I’d suggest that a clear signal from Labour that it had put the dark neo-liberal days behind it would be to expel him from the party.
I also suggest that emailing phil.goff@parliament.govt.nz asking for this to happen might be a good idea.
Don’t the Business Round Table do these type of ‘Productivity’ reports for cheap?
Its not very efficient in market terms to pay these guys $500k to get the same result as the $30 + GST version.
http://www.nzbr.org.nz/topic.asp?Topic=EconomicReform
remember? remember?
Ok then, lets remember. The ‘someone elses country’ vid is a good starting point as it describes very exactly the date at which things changed for the worse, in the eyes of the standardites. Yes.
So Muldoon it is then. Eighties and nineties were all wrong. Back to Muldoon policies.
ha ha ha ha ha. fools.
sheesh, there really are a lot of massive support columns missing to the endless half-cocked posts on this whole subject here. duh.
False dichotomy. The left doesn’t want a return to Muldoonism, but then that’s not the only alternative to the New Right.

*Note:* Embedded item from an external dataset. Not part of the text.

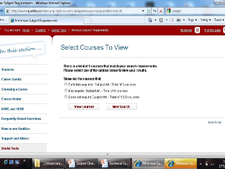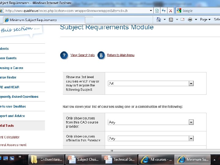 RESEARCH Subject Websites: www. scoilnet. ie www. education. ie www. skoool. ie Career Websites: www. qualifax. ie www. careersportal. ie www. careerdirections. ie Junior Certificate course books.

That’s right vto we can choose between reckless neo-liberalism or authoritarian conservatism. They’re the only two ways of governing in NZ. Yup.
Just following the ‘remember’ title.. It should certainly be remembered what NZ faced at that time when trying to evaulate things now. It should also be remembered that it was Labour that did all of that.
And I would suggest they did it because of their concern for their fellow man in the street. Lange, Douglas, Prebble, Caygill, Clark, Cullen.. they all followed these policies because they considered that they would help the average person. (Now of course the predictable screams will launch forth about conspiracies with their ‘rich business mates’ and the like. poppycock).
Whenever Prebble or Douglas etc talk about these policies they have a strong conviction that these type of policies will work. They also always relate it back to the benefit to the manwoman in the street. Those people were left wing. I think they still are. Perhaps it is you guys on the current left that have no new ideas and simply keep regurgitating the same old disproven beliefs and policies. For a lot longer than 25 years. Wake up folks and come up with something new then. Not the same old failed policies of the typical left – which is all I ever see on here.
Apply your own post to your own brainwaves mr zet.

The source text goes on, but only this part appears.